**** Data extracts ****

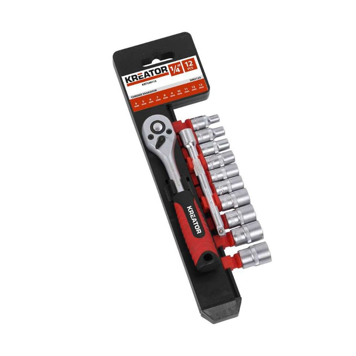 Description détaillée du produit Produit: Coffret cliquet 1/4 avec douilles 10 douilles de dimensions: 4-5-6-7-8-9-10-11-12-13mm Carré d'entraînement: 1/4 =6,35mm Rallonge longueur: 150mm Conditionnement: 12 pièces Matériau: acier au Chrome-Vanadium Douille: finition chromée satinée Marque: Kreator
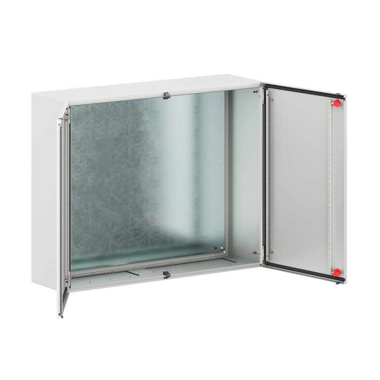Навесные корпуса серии ST предназначены для систем автоматизации и распределения электроэнергии. Корпус, фланец изготавливаются из стали толщиной 1,2 мм, дверь из стали толщиной 1,5 мм с атмосферостойким порошковым покрытием, цвет RAL7035. Монтажная плата - из оцинкованной стали толщиной 1,8 мм. Степень защиты IP55, ударопрочность IK10, сейсмостойкость 9 баллов по шкале MSK-64, климатическое исполнение УХЛ1, ОМ2, ОМ3, группа горючести Г1. Комплект поставки: корпус, дверь двустворчатая, монтажная плата с двунаправленной разметкой, дверные рейки, поворотный замок 2 шт., сплошной фланец для ввода кабеля 2 шт., комплект заземления без проводов, монтажные аксессуары. Габариты 800х1000х300 (ВхШхГ) мм.
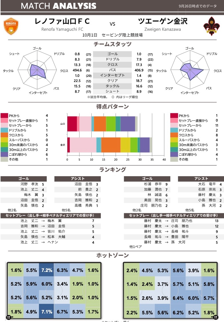 ツエーゲン金沢は悪天候で中断した第31節ザスパクサツ群馬戦の再開試合が9月27日に組まれ、約60分間というショートゲームをプレー。そこから中3日で今節を迎え、レノファとの対戦でイレギュラーな3連戦を締めくくる。
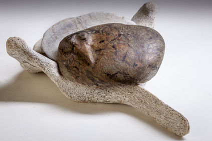 Stones have to speak to me for inspiration. I find it most challenging to work with pre-cut material. I am an artist who prefers naturally broken stones that stimulate my imagination, be it soapstone, alabaster, marble, or harder materials such as limestone, sandstone, basalt, or granite. I am very fond of working with river rock which comes in a surprising array of colors, shapes, and sizes. Collecting them is one of my favorite pastimes when out in nature. Every raw piece I find has to guide me in the right direction prior to touching any tools for the creation of a new sculpture. Some trigger a spontaneous image while others may take weeks, or even months to come alive.
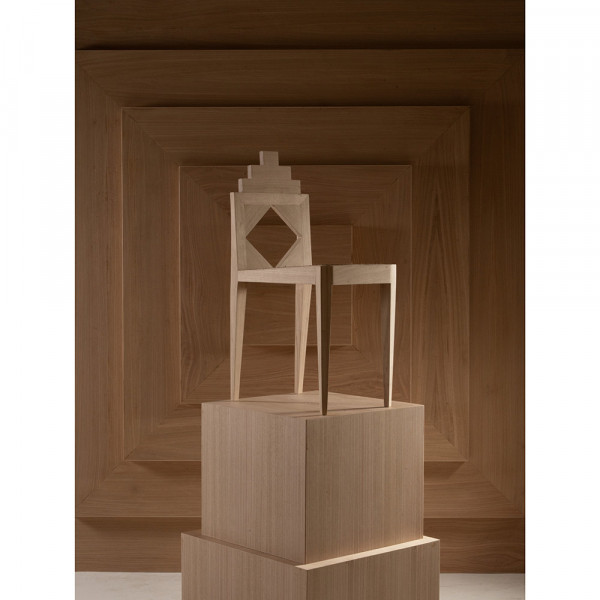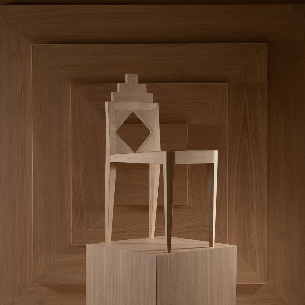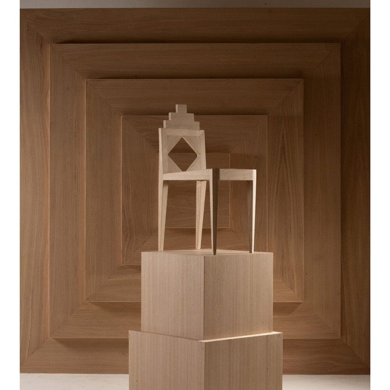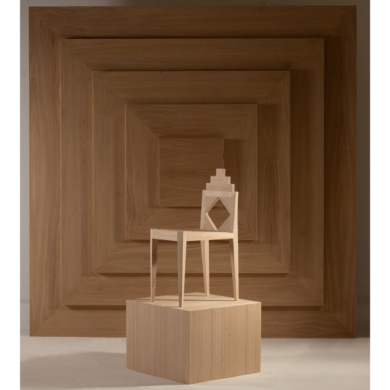 Its stepped backrest suggests an ascension, a near-totemic form, while the open square at its center introduces a sense of controlled tension.
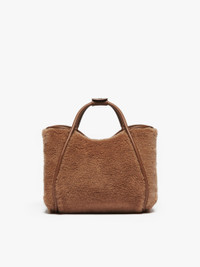 DETAILS Small Marine bag featuring a rounded shape and versatile dimensions, thanks to the strap-securing extendable sides and split ring on the inside. Handbag in camel Teddy fabric, set on a silk base Soft-textured interior, zipped pocket and a branded open pocket Tubular handles with loop detail and a removable and adjustable shoulder strap Cameluxe padding and smooth leather details Max Mara lettering on the front and 5 metal bag feet Magnetic snap fastening at the top Size: 37 x 22 x 24 cm COMPOSITION AND CARE Handbag in 88% camelwool, 12% silk; with details in cattle; with quilting in 48% polyester, 48% camelwool, 4% silk; lining in 100%polyester. Do not wash; do not bleach; do not tumble dry; do not iron; do not dry clean; do not wet clean. Distributed by Max Mara S.r.l., registered office in Reggio Emilia (Italy), Via Giulia Maramotti 4, 42124 (IT)
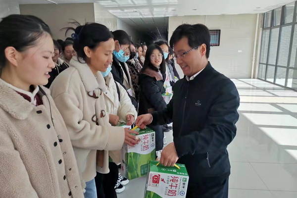 胡东与同学们分享了自己的备考经验、高分技巧和心态调整方法,鼓励同学们咬紧牙关不要放弃。他还提醒同学们复习备考的同时要注意适当锻炼,加强营养,劳逸结合,保持身心健康。活动最后,胡东为考研学子赠送牛奶等生活物品,送上学院的关心,让学生感受学校的关心和温暖。
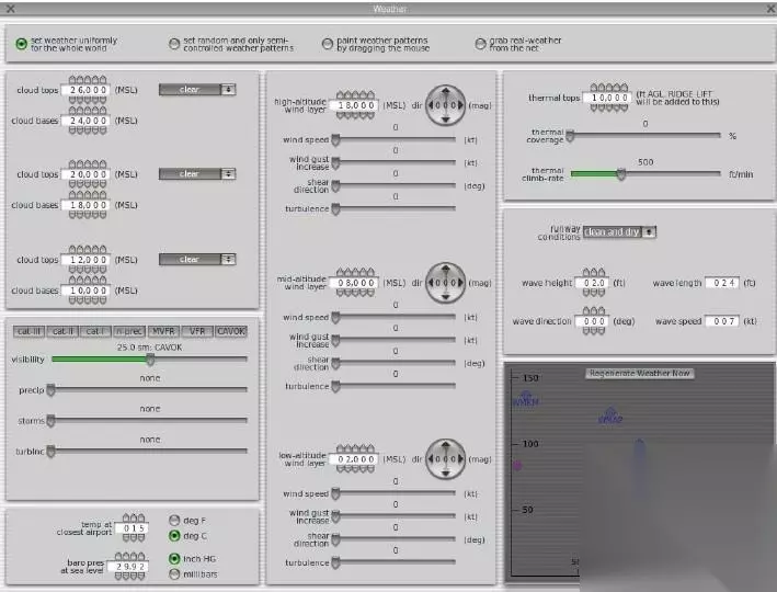 选择“Environment”—>”Weather”,弹出天气设置窗口,如下图。在最上面一排4个选项中选择第一个“Set Weather uniformly for the whole world”,然后按照上图逐一对照选择,所有东西尽可能选择Clear或者Clear and Dry。能见度部分Visibility一定要选择Cavok或者把数字调到最大。4个选项中的最后一项是“Grab real weather from the net”,是指从网络上下载所选机场当地的实际气象状况,这个是熟练飞行之后才会作为默认选项的。

****

What the task asks ▸ Your job is to copy every entry exactly. Omit the pictures.

Solution ▸
 Description détaillée du produit Produit: Coffret cliquet 1/4 avec douilles 10 douilles de dimensions: 4-5-6-7-8-9-10-11-12-13mm Carré d'entraînement: 1/4 =6,35mm Rallonge longueur: 150mm Conditionnement: 12 pièces Matériau: acier au Chrome-Vanadium Douille: finition chromée satinée Marque: Kreator
Навесные корпуса серии ST предназначены для систем автоматизации и распределения электроэнергии. Корпус, фланец изготавливаются из стали толщиной 1,2 мм, дверь из стали толщиной 1,5 мм с атмосферостойким порошковым покрытием, цвет RAL7035. Монтажная плата - из оцинкованной стали толщиной 1,8 мм. Степень защиты IP55, ударопрочность IK10, сейсмостойкость 9 баллов по шкале MSK-64, климатическое исполнение УХЛ1, ОМ2, ОМ3, группа горючести Г1. Комплект поставки: корпус, дверь двустворчатая, монтажная плата с двунаправленной разметкой, дверные рейки, поворотный замок 2 шт., сплошной фланец для ввода кабеля 2 шт., комплект заземления без проводов, монтажные аксессуары. Габариты 800х1000х300 (ВхШхГ) мм.
 ツエーゲン金沢は悪天候で中断した第31節ザスパクサツ群馬戦の再開試合が9月27日に組まれ、約60分間というショートゲームをプレー。そこから中3日で今節を迎え、レノファとの対戦でイレギュラーな3連戦を締めくくる。
 Stones have to speak to me for inspiration. I find it most challenging to work with pre-cut material. I am an artist who prefers naturally broken stones that stimulate my imagination, be it soapstone, alabaster, marble, or harder materials such as limestone, sandstone, basalt, or granite. I am very fond of working with river rock which comes in a surprising array of colors, shapes, and sizes. Collecting them is one of my favorite pastimes when out in nature. Every raw piece I find has to guide me in the right direction prior to touching any tools for the creation of a new sculpture. Some trigger a spontaneous image while others may take weeks, or even months to come alive.
 Its stepped backrest suggests an ascension, a near-totemic form, while the open square at its center introduces a sense of controlled tension.
 DETAILS Small Marine bag featuring a rounded shape and versatile dimensions, thanks to the strap-securing extendable sides and split ring on the inside. Handbag in camel Teddy fabric, set on a silk base Soft-textured interior, zipped pocket and a branded open pocket Tubular handles with loop detail and a removable and adjustable shoulder strap Cameluxe padding and smooth leather details Max Mara lettering on the front and 5 metal bag feet Magnetic snap fastening at the top Size: 37 x 22 x 24 cm COMPOSITION AND CARE Handbag in 88% camelwool, 12% silk; with details in cattle; with quilting in 48% polyester, 48% camelwool, 4% silk; lining in 100%polyester. Do not wash; do not bleach; do not tumble dry; do not iron; do not dry clean; do not wet clean. Distributed by Max Mara S.r.l., registered office in Reggio Emilia (Italy), Via Giulia Maramotti 4, 42124 (IT)
 胡东与同学们分享了自己的备考经验、高分技巧和心态调整方法,鼓励同学们咬紧牙关不要放弃。他还提醒同学们复习备考的同时要注意适当锻炼,加强营养,劳逸结合,保持身心健康。活动最后,胡东为考研学子赠送牛奶等生活物品,送上学院的关心,让学生感受学校的关心和温暖。
 选择“Environment”—>”Weather”,弹出天气设置窗口,如下图。在最上面一排4个选项中选择第一个“Set Weather uniformly for the whole world”,然后按照上图逐一对照选择,所有东西尽可能选择Clear或者Clear and Dry。能见度部分Visibility一定要选择Cavok或者把数字调到最大。4个选项中的最后一项是“Grab real weather from the net”,是指从网络上下载所选机场当地的实际气象状况,这个是熟练飞行之后才会作为默认选项的。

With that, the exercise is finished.